There’s been much recent attention paid to the addressability of book content on the web, with a “Publishing Hackathon” in New York, and HarperCollins’ creation of an API-fueled hackathon “Programming Challenge“, both of which received a mix of criticism and praise; nonetheless they are a good start. But in the rush to try to entice a more technically savvy element, I think publishers are missing a more elemental approach – borrowing simple and well-established web standards.
If, technically, you consider EPUB (and particularly EPUB3) digital books – as well as Kindle books – to be constrained, packaged web sites – or content bundles containing a variety of web expressions – then instead of a publisher conceiving of their books as assets to be addressed via an API as if they were inventory on a grocery shelf, it’s possible to bring to bear more lightweight tools for discovery and access. As is so often the case, lessons can be learned from the years of instruction offered by the maturation of plain old web site discovery standards, and by practices in the academic journal community.
Simple parables document this case. At the not-for-profit where I work, Hypothes.is, we’re working on building software to support annotation of web documents. One of the obvious challenges is to make sure that comments on one version of an item appear on a related version; the problem is akin to a reader wanting their comments on one edition of Huck Finn appearing on a second printing of that title, even if it has a different ISBN.
One of our contributors, Ed Summers of the Library of Congress, penned an excellent introduction to some of the core prescriptions, “Guidance for Web Publishers.” Substitute “ebook” for “web” and the utility is remarkably the same. The post should be instructive for a wide range of publishers.
For example, consider a reader’s annotations or comments on a New York Times article; any comments penned in single page mode should appear on the paginated version, where an article spans by default two, three, or four separate web pages, even though the web URLs are different for each page. The Times makes this easy because they use a common standard promulgated by Google and other search engines called a “canonical url,” which is now an IETF RFC. Here’s one from a sample article that has two pages:
<link rel="canonical" href="http://www.nytimes.com/2013/06/12/world/europe/greece.html?pagewanted=all">
This line appears in both the paginated and full-text versions – it tells search engines to treat the canonical url as the one that “counts” for SEO, and it provides a common addressable location. Book publishers should be using canonical urls to highlight the url pointer for the book that they want to anchor not just SEO, but social commentary, online references in reviews, library catalogs, and other uses. This is true even if the book is not openly readable on the web: simply having a single “resource identifier” provides a anchorage that both software and users can point to in common. It is the equivalent of a post office’s standardized address.
Another example of a common web standard that should be adopted by book publishers is the alternate link statement. Many academic journals use alternate links to associate a PDF version of an article, for example, with a native HTML/web based version of the article. This greatly facilitates the ability of annotation software to permit annotations in one version appearing in another. Most newer academic journals, such as eLife, PLoS One, and PeerJ – which turned one year old this week – also utilize simple web naming conventions which augment discoverability as well.

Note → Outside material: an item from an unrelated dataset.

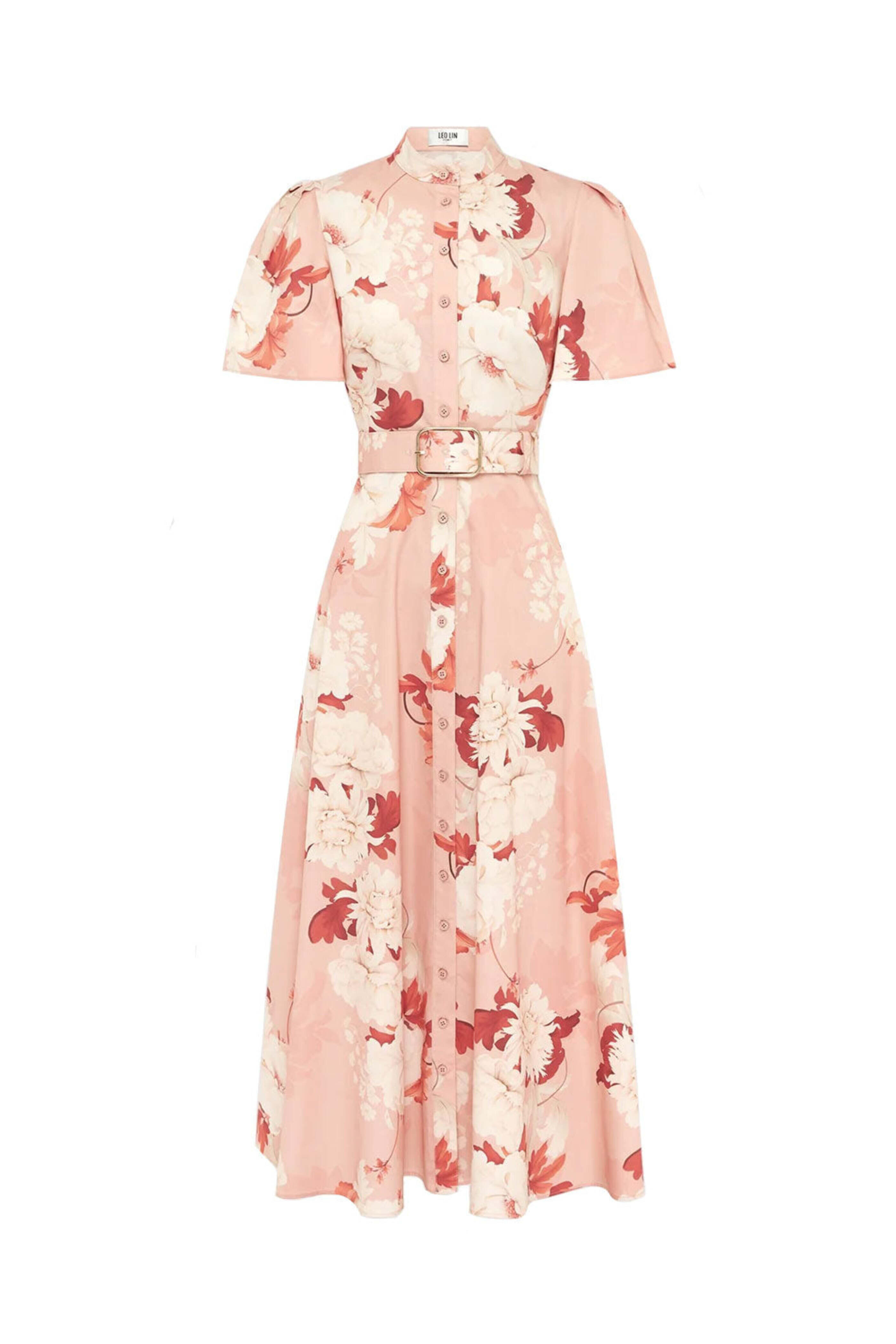 Leo Lin Peony Print Bianca Short Sleeve Midi Dress . Mandarin collar . Concealed front button tab . Short sleeves . Fitted banded waistline . Voluminous A-line skirt . Fully lined . Matching belt included . Main: 100% Cotton . Dry cleanable . Do not machine wash .

So, the first PeerJ article published is “How long is a piece of loop” – rather more technical than the title might appear to a lay reader. The url for the web content is: https://peerj.com/articles/1, and the url for the pdf content is: https://peerj.com/articles/1.pdf. But even more importantly, the HTML version of the article contains this string:
<link rel="alternate" type="application/pdf" href="http://peerj.com/articles/1.pdf">
That “alternate link” is a standard part of HTML, and should be used by every publisher who wants to alert readers that an alternative format of a book exists in another location. Canonical URLs and alternate links can be used to tremendous effect in allowing a publisher to tie together many different instances of books.
Using standards like these in web addressable catalogs, such as OPDS catalogs, on publisher web sites, and inserted into EPUB files, can help a wide range of web discovery tools and programs without having to think about heavier weight APIs which often carry naive licensing restrictions.
In fact, the weight of focus among higher end library and publisher discovery services is on “index-based search” and away from parochial API-based solutions where multiple sources of information must be queried and then inter-related – exactly what these web standards help to address. NISO is supporting an Open Discovery Initiative to help foster further agreement among publishers and content search providers serving the library market. There’s much that both trade publishers and retailers could learn from, and contribute to, this effort.
Thinking about ebooks as web sites, and considering the kinds of simple metadata and link references that can be embedded within them, can help address a range of discovery issues with simple solutions. The necessity of adopting the breadth of web standards will only become more pressing, as publishers begin to recognize the desirability of providing a greater number of independent options for consuming ebooks beyond a handful of retailers.